## [The task]
Print nothing except the lines of the listing below from the line with "Haining leather men's" to the line with "In about 3 days", each exactly as written, both ends included.
(The data Opens)
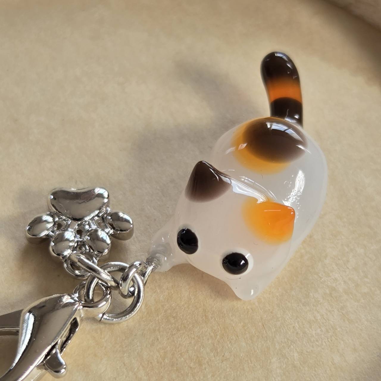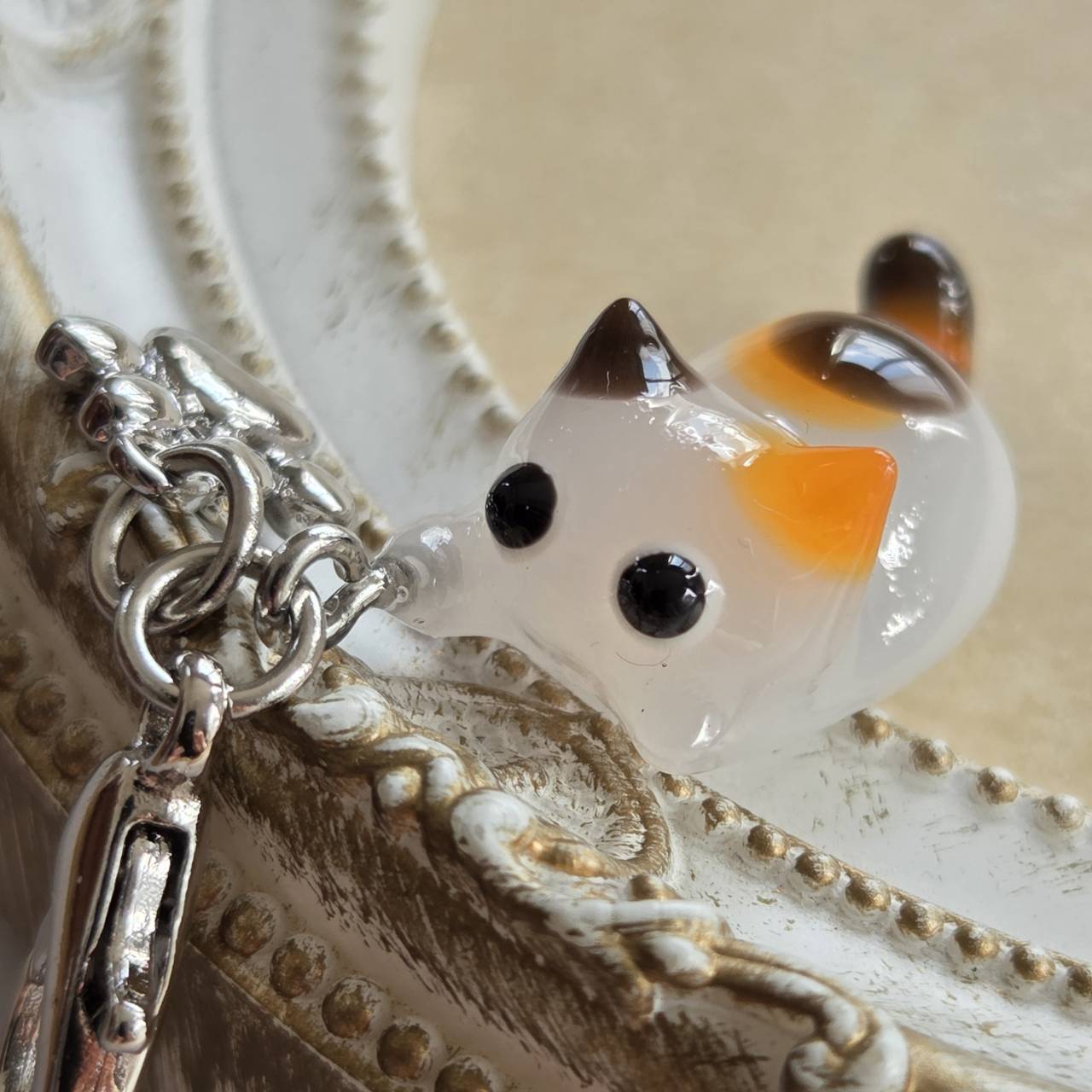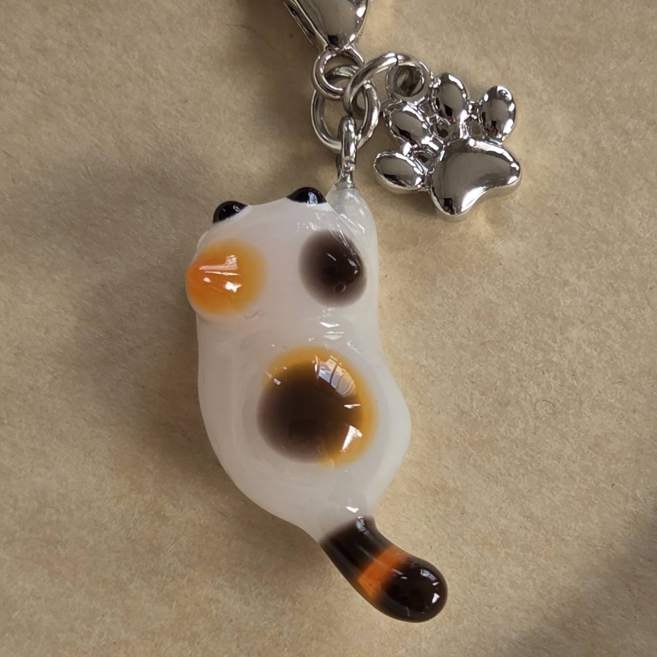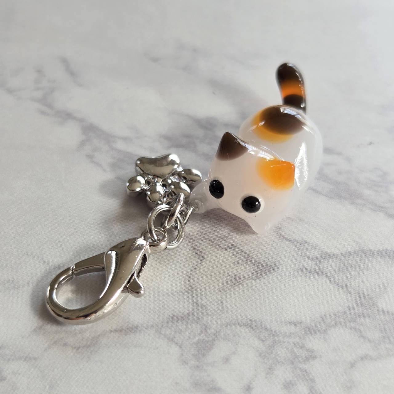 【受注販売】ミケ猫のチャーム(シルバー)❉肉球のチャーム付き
(The data Closes)
(The data Opens)
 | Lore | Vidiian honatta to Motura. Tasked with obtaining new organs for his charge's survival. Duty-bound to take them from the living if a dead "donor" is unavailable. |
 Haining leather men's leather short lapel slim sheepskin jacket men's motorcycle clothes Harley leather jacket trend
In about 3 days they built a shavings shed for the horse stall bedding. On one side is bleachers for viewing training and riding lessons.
(The data Closes)
(The data Opens)
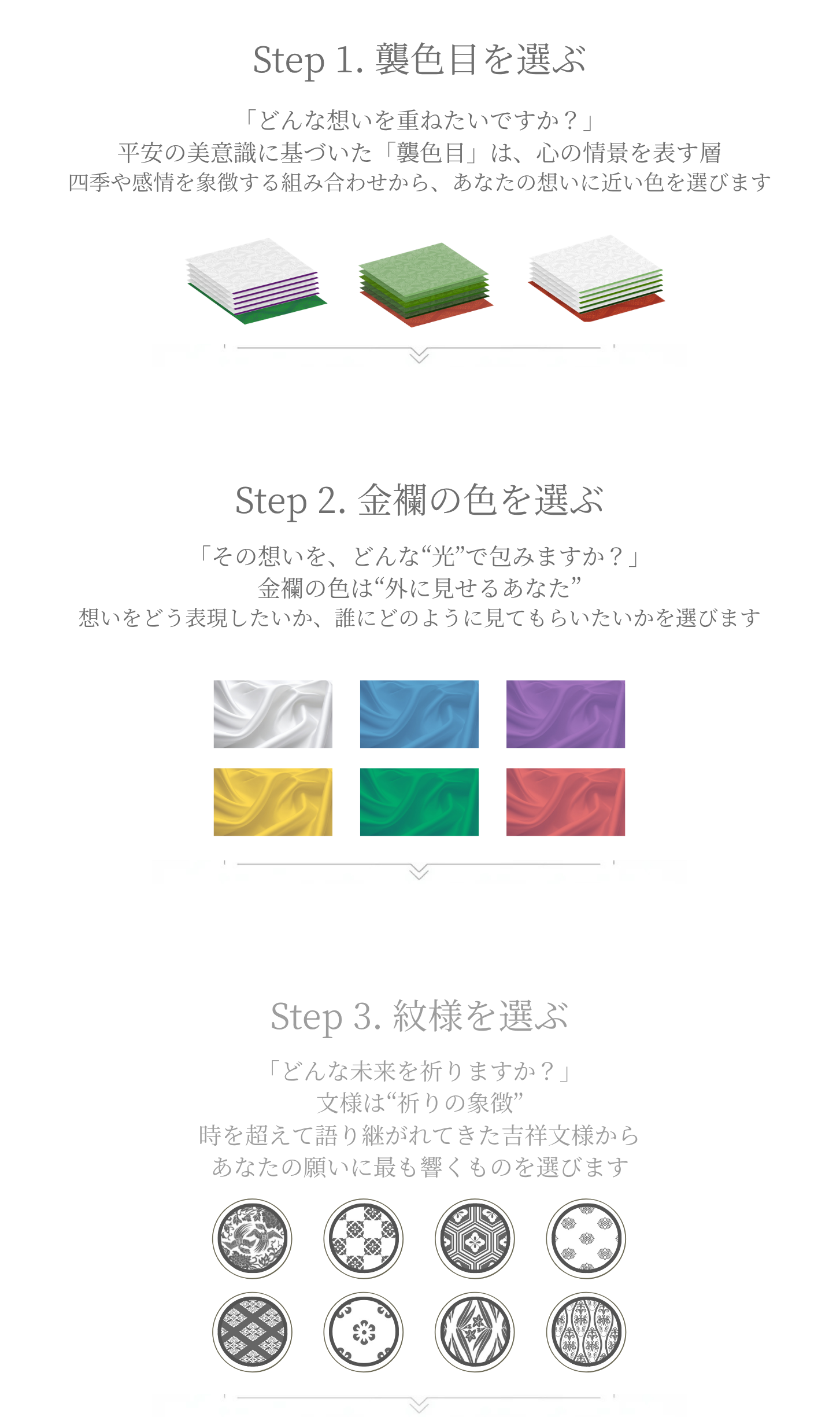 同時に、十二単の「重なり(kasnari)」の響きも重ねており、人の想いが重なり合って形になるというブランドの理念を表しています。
(The data Closes)
## [Exercise output]
 Haining leather men's leather short lapel slim sheepskin jacket men's motorcycle clothes Harley leather jacket trend
In about 3 days they built a shavings shed for the horse stall bedding. On one side is bleachers for viewing training and riding lessons.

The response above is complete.